In this article, we’ll cover what sodium benzoate is, where it comes from, its uses, and any potential health issues that might arise from overuse.
- The Basics of Sodium Benzoate
Sodium benzoate is an odorless white power, created by combining benzoic acid with sodium hydroxide (lye). Sodium benzoate is not naturally occurring and must be created in a lab, although its primary ingredient – benzoic acid – is natural. This acid can be found in many commonplace plants, such as tomatoes, cloves, cinnamon, apples, and cranberries. It is also produced as a byproduct of some fermenting processes, such as the creation of yogurt.

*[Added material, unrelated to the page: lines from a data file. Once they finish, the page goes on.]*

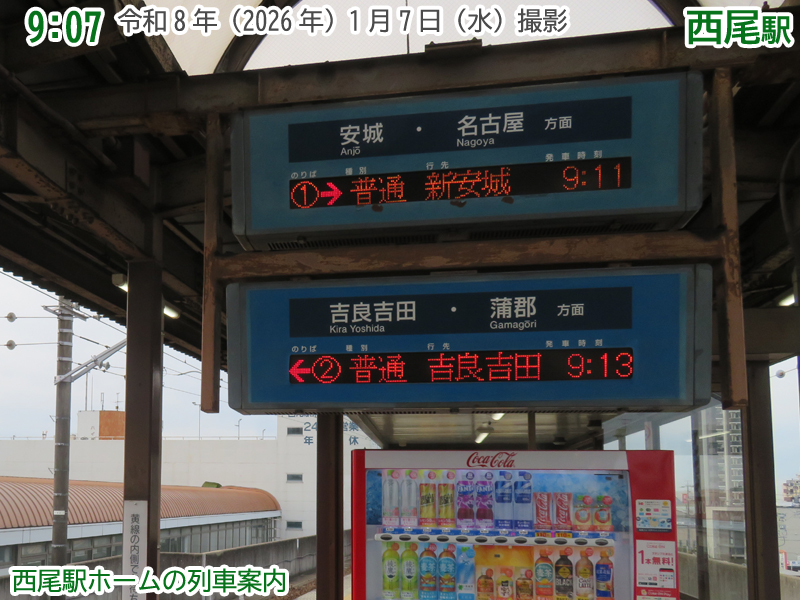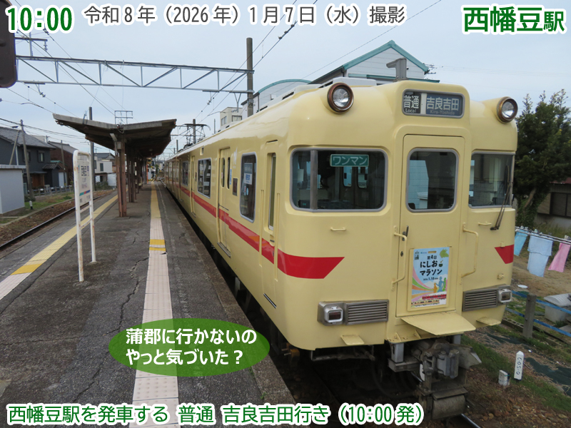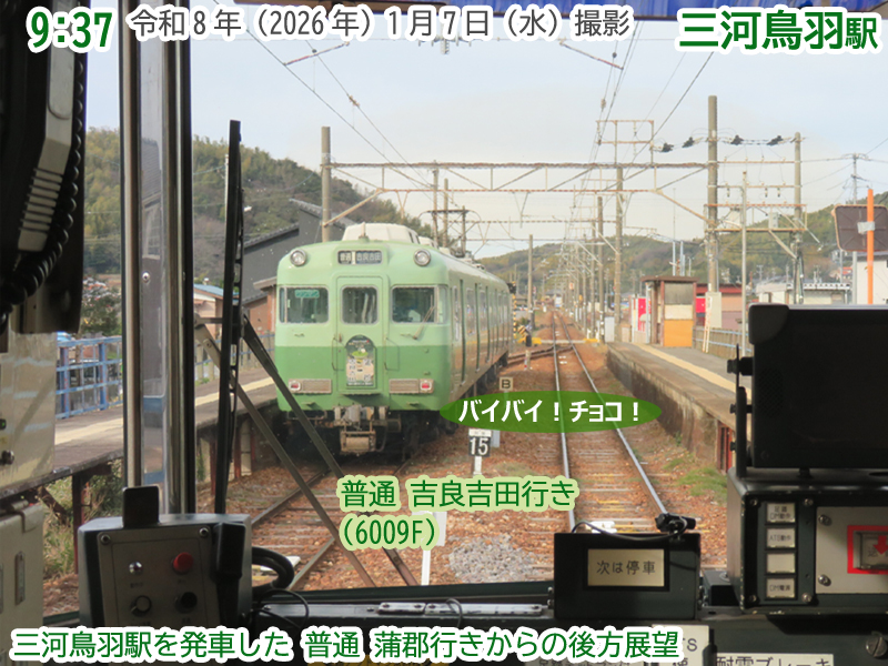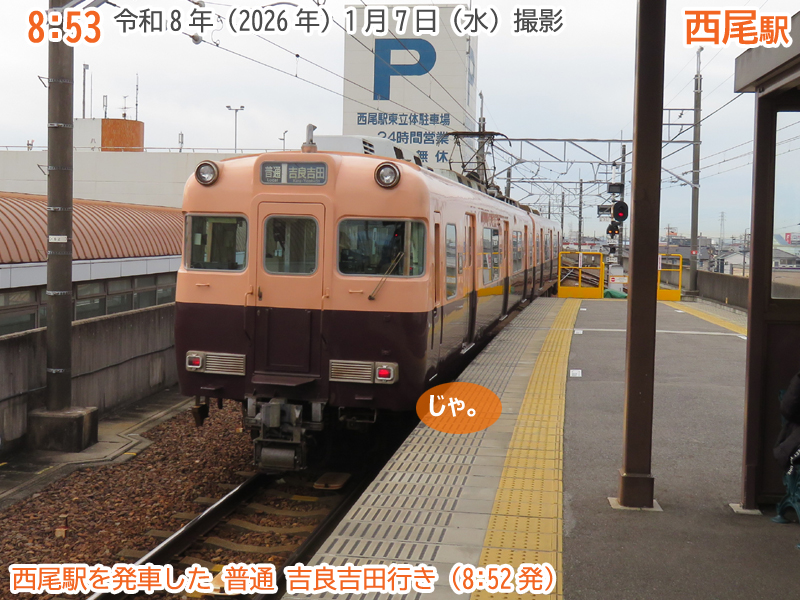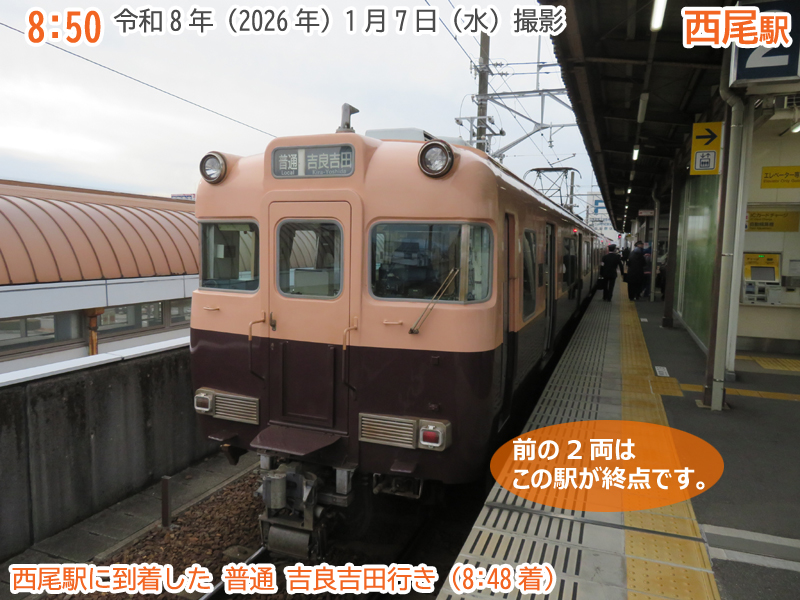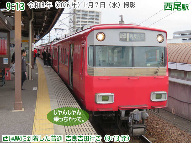 おはようございます。令和8年(2026年)1月7日水曜日、時刻は朝8時50分です。普通吉良吉田行きに乗って西尾駅に到着しました。4両のうち後ろ2両は蒲郡線用のチョコレートツートン6010Fで、西尾駅で前2両を切り離し、西尾駅から吉良吉田駅までは2両編成で運行されます。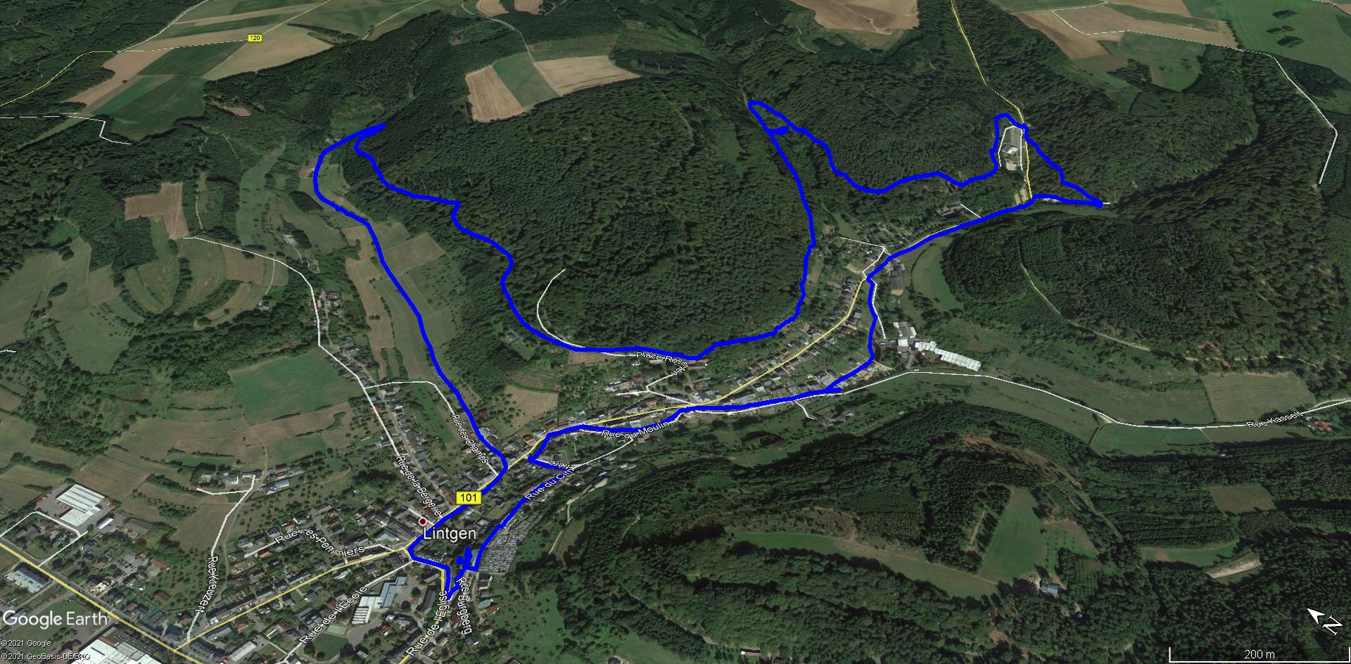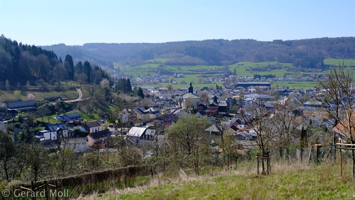 Von der Kirche in Lintgen folgen wir der Markierung Pankenkreuz, das auch Teil des Wappens der Gemeinde Lintgen ist, und biegen in die rue des Champs ab. Durch das schöne Tal steigen wir hinauf bis in den Wald, wo wir scharf nach rechts abbiegen. Bald treffen wir auf die Markierung der Rundwanderung von Lintgen, der wir bis zu einem Weiher folgen. Beim Chalet A Mouschelt überqueren wir die Strasse. Durch den Ort kehren wir zur Kirche zurück.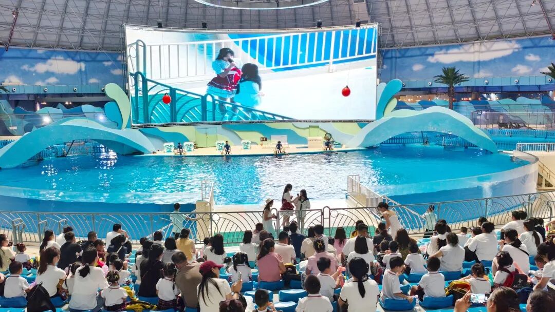 “快看!是美人鱼!”在美人鱼剧场,演员们优雅的身姿在水中演绎着浪漫故事,将童话书中的想象变为现实;海底“明星”剧场更是热闹非凡,海豚接连跃出水面,划出优美弧线,仿佛在欢迎小客人的到来;海狮则化身“音乐家”,用独特的叫声奏响欢乐节拍,赢得孩子们阵阵掌声;梦幻剧场中,蝴蝶精灵引领的高空表演与魔术交织,带来一个又一个惊喜。

Benzoic acid is already a good preservative on its own. The addition of sodium hydroxide makes it more readily soluble, and therefore easier to use in a wider variety of products.
- Uses of Sodium Benzoate
Sodium benzoate was among the first artificial preservatives approved by the FDA and is therefore used widely throughout the food and beverage industry. It actively inhibits the growth of molds and bacteria, allowing for significantly extended shelf lives for treated products.
Being based in an acid, the preservative does have a noticeable sharp flavor. Therefore, it is most commonly used in products which are themselves acidic or salty, such as sodas, citric juices, pickles, salad dressing, and soy sauce.
Sodium benzoate also sees significant use in the health and beauty industries. It is commonly used as a preservative for liquid medications, such as cough syrup, and is also utilized in a wide variety of cosmetics.
III. Potential Health Issues from Sodium Benzoate
While sodium benzoate itself is harmless, in certain circumstances it can convert into benzene, which is known to be a carcinogen. This is most likely to happen when in the presence of Vitamin C (ascorbic acid). However, the process is inhibited when sugars are present, so the biggest danger is from diet sodas and fruit juices. The industry generally avoids using sodium benzoate in diet/sugar-free drinks for this reason.
Otherwise, sodium benzoate is considered entirely safe when used in proper quantities.